Wie nu God wil zoeken en vinden, hij zoeke hem in zichzelf, in het binnenste van de ziel waar het beeld van God is, en hij grave door de akker van zijn geschapenheid. Zo ontdekt hij zichzelf als ongeschapen in het wezen van God en in het blote wezen van de ziel. Zo komt hij terug in zijn oorsprong dankzij onze weg Christus Jezus, die met zijn lijden onze schuld heeft betaald en ons lijden [85v] vruchtbaar heeft gemaakt. Door zijn dood heeft Hij onze dood gedood en voor ons het eeuwig leven klaargemaakt. Door zijn geest heeft Hij onze geest terug bevrijd en in onze oorsprong binnengeleid, in de edele zielengrond waar Gods woning is; en Hij heeft ons met zich verenigd om hem daar te kunnen aanbidden in geest en waarheid. En door zijn ziel heeft Hij alle vermogens van onze ziel herschapen: zo kunnen zij een geschikt instrument zijn en zijn goddelijke, innerlijke werking ondergaan. Ook heeft Hij door zijn lichaam en moeitevol leven en dood ons hart, onze zinnen en al onze ledematen en lichaam weer gereinigd van alle zondevlekken. Hij heeft ons puur en rein gemaakt: zo kan het licht van de waarheid en de zon van de gerechtigheid terug in ons opgaan en in en door ons licht geven.

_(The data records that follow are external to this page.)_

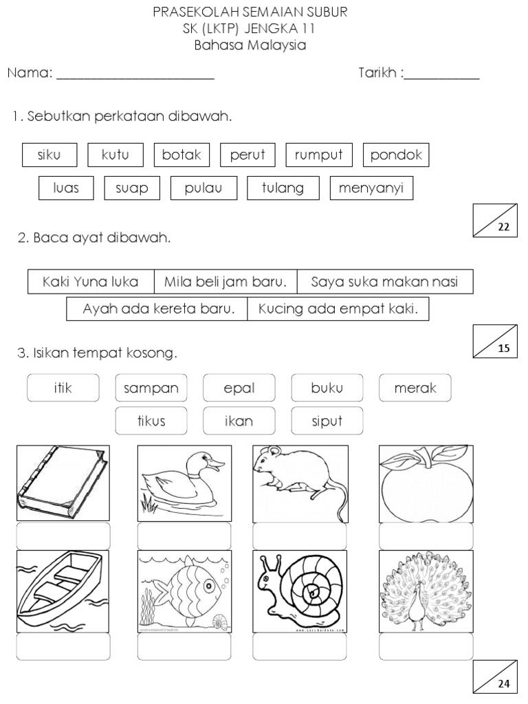Soalan Peperiksaan Bahasa Melayu Tadika 6 Tahun Jalan Permata 4
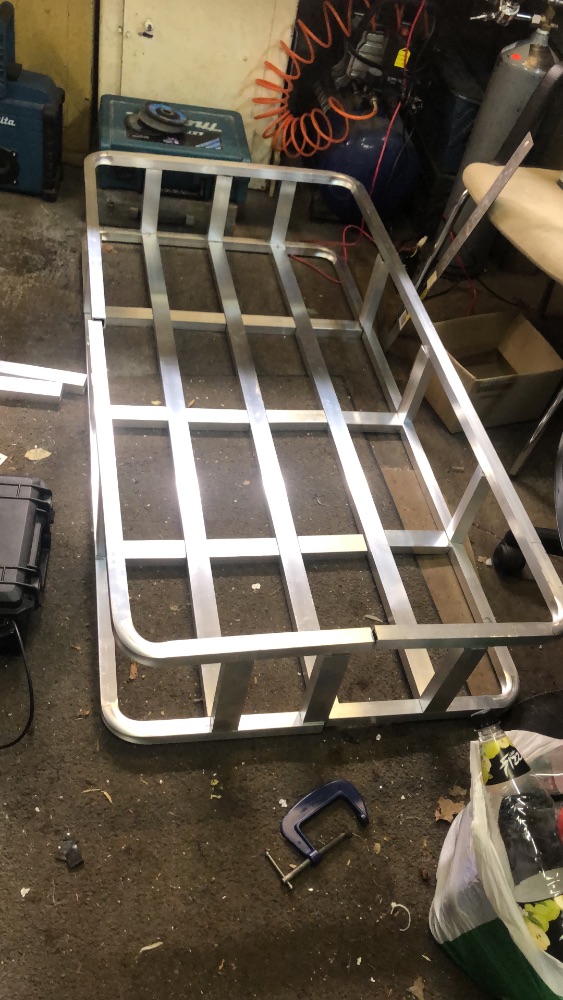 Я решил делать её из алюминия. Спасибо Саше эмерсу за организацию покупки нужных мне профилей. По приезду профиля уже ждали меня на складе и оставалось найти возможность их согнуть. Как я не старался, а найти где можно согнуть квадратный профиль я так и не смог. Пришлось делать самому приспособу и гнуть вручную. В этом помог Дима (Dmitri576), который подогнал необходимые железячки и впоследствии варил саму алюминиевую конструкцию, за что ему отдельное спасибо!!!
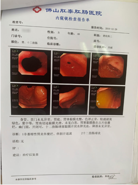 接诊的是冯医生,冯医生问了我的症状,过去治疗的药物,治疗后的感受,还有平时喜欢吃什么食物等等,反正问的很多的,之后又给我把脉,还让我躺在诊室的检查台上,用好像是叫什么听诊器的东西给我检查,这个没有收费。检查之后,她说根据她的经验,我的应该是有胃炎,胆汁返流,还有可能是十二指肠球部可能也有炎症。为了确诊她,她建议让我做胃镜,因为我患病时间这么长了,药也吃了一大堆,但是一直没有治愈,说明病灶还在里面,要确定病灶对症治疗需要做胃镜检查。其实开始我是拒绝的,因为听不少朋友提起做胃镜难受的经历,因此过去去其它医院一直没有同意做胃镜。
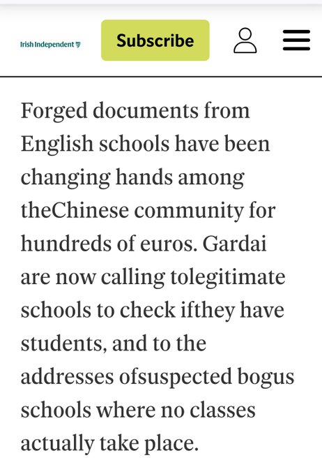 17 Oct, 2025 Uncategorized Illegal Chinese criminals have been using “English language schools” to buy bogus visas into Ireland since at least the early 2000s Posted by Fred Bassett #MigrantCrime #HowIrelandWorks #IrelandisFull https://m.independent.ie/news/schools-f Taxi Dave @DublinTaxiDave Share this: Click to share on X (Opens in new window) X Click to share on Facebook (Opens in new window) Facebook Click to share on LinkedIn (Opens in new window) LinkedIn Click to share on Reddit (Opens in new window) Reddit Click to email a link to a friend (Opens in new window) Email More Click to print (Opens in new window) Print Like Loading... Related
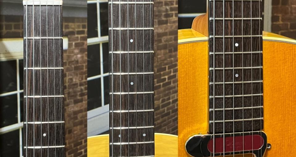 エレキギターアンプに通してエレクトリックに弾くも良し、アコースティックなアンプに通して生ギターのナチュラルなサウンドで弾くも良し、あらゆるシチュエーションで活躍出来そうなギターです。
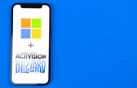 Kharkov, Ukraine - January 19, 2021: Microsoft and Activision Blizzard logos on smartphone screen. copy space photo
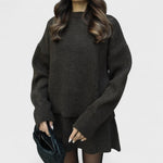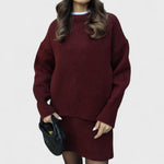 Il set di maglieria perfetto per le giornate più fresche. Il tessuto morbido e caldo, la vestibilità rilassata e la semplicità senza tempo rendono questo set un indispensabile. La felpa a girocollo e i pantaloni abbinati creano un insieme elegante e confortevole, perfetto per rilassarsi a casa o per uscire in città.
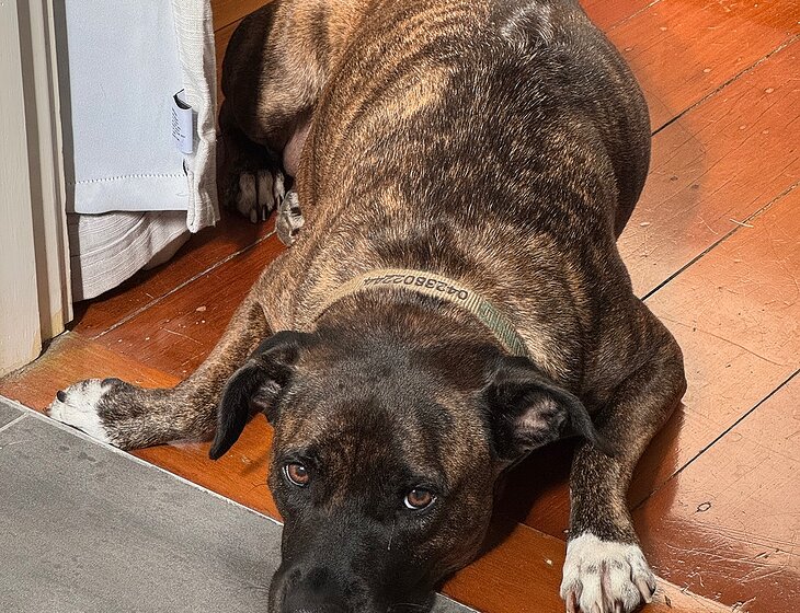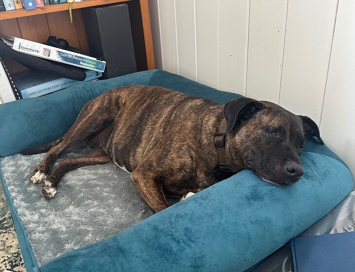 Our dog is a quiet and calm girl, who prefers to spend her days lounging outside on her bed, or is equally happy snoozing inside any room you happen to be in. She’d love at least one walk a day (preferably two!) otherwise is very low needs. She loves all people and dogs, her tail immediately wagging as soon as she spots anyone in the distance.
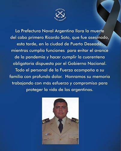 Tiempo de lectura: 51 segundosUn efectivo de la Prefectura Naval fue asesinado este viernes de un balazo mientras realizaba controles vehiculares en el marco de la cuarentena obligatoria en la ciudad santacrucense de Puerto Deseado.
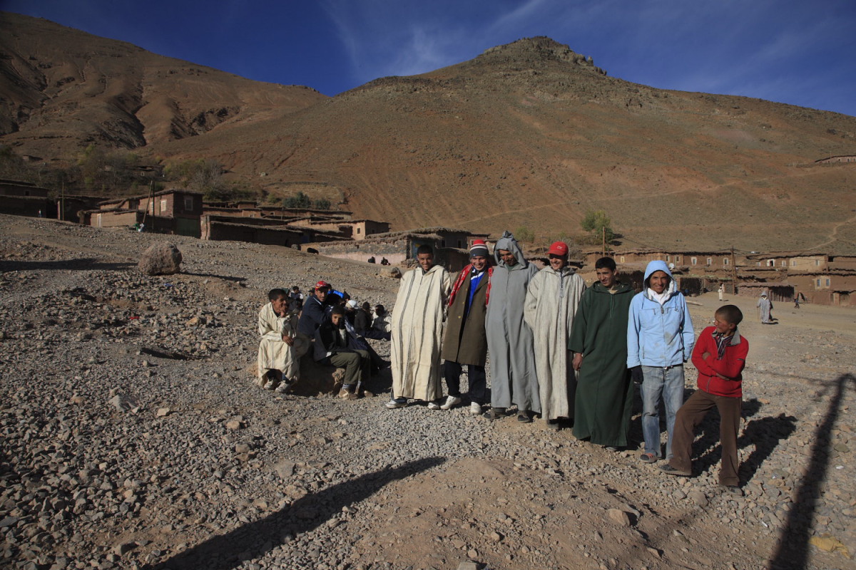 Údolí se táhne ještě několik kilometrů a pak jej opouštíme mohutným převýšením, opět stoupáme do hor. Atlas není právě přívětivé místo co se týče kvality cest, ale s tím počítáme. Ve vesnici Ichabken zastavujeme na návsi, chlapi se tu vyhřívají, zatímco ženy tahají vodu a spadané listí, podzim dorazil už i sem. Dávám se snimi do řeči, jde to ztuha, já francouzsky ani ťuk, oni zas anglicky bez šance. Ale máme ruce/nohy a hlavně úsměv, ne? :-) Daří se mi je přesvědčit k focení, konečně..

God vinden we dus niet buiten onszelf, en toch zoeken we Hem meestal aan de buitenkant. Merk op dat de auteur van de Evangelische Peerle het heeft over de ziel, of dat deel ervan dat ze de edele zielegrond noemt, waar Gods woning is. God woont in ons, en de plaats waar Hij verblijft is daardoor dus edel. Het is de kern van ons menselijk bestaan, het diepste innerlijke of innige deel van ons leven dat Hij tot Zijn tempel maakt. Toch blijft de mens sinds de zondeval steeds zo zeer vervreemd van zichzelf dat hij niet beseft dat het beeld van God in het binnenste van zijn ziel aanwezig is. Het is in die akker dat hij moet graven om die schat of ook de parel van grote waarde te vinden, waarover Jezus spreekt in het Evangelie van Matteus hfst. 13 (v. 44-46). Christus Jezus toont ons de weg om in de zuivere binnenkant van onze ziel, in het diepste van onszelf, God - onze ware oorspong - te ontdekken. Hij is onze verlosser die ons bevrijdt naar geest en waarheid. Hij herschept ons om geschikte instrumenten te zijn, om er zijn goddelijk en innerlijk werk ermee te kunnen verwezenlijken. Door zijn menswording heeft Hij ons menszijn gereinigd en zuiver gemaakt opdat wij door zijn licht in ons leven te laten schijnen, zelf ook waarachtig en rechtvaardig licht kunnen laten schijnen in de duisternis van onze wereld en tijd.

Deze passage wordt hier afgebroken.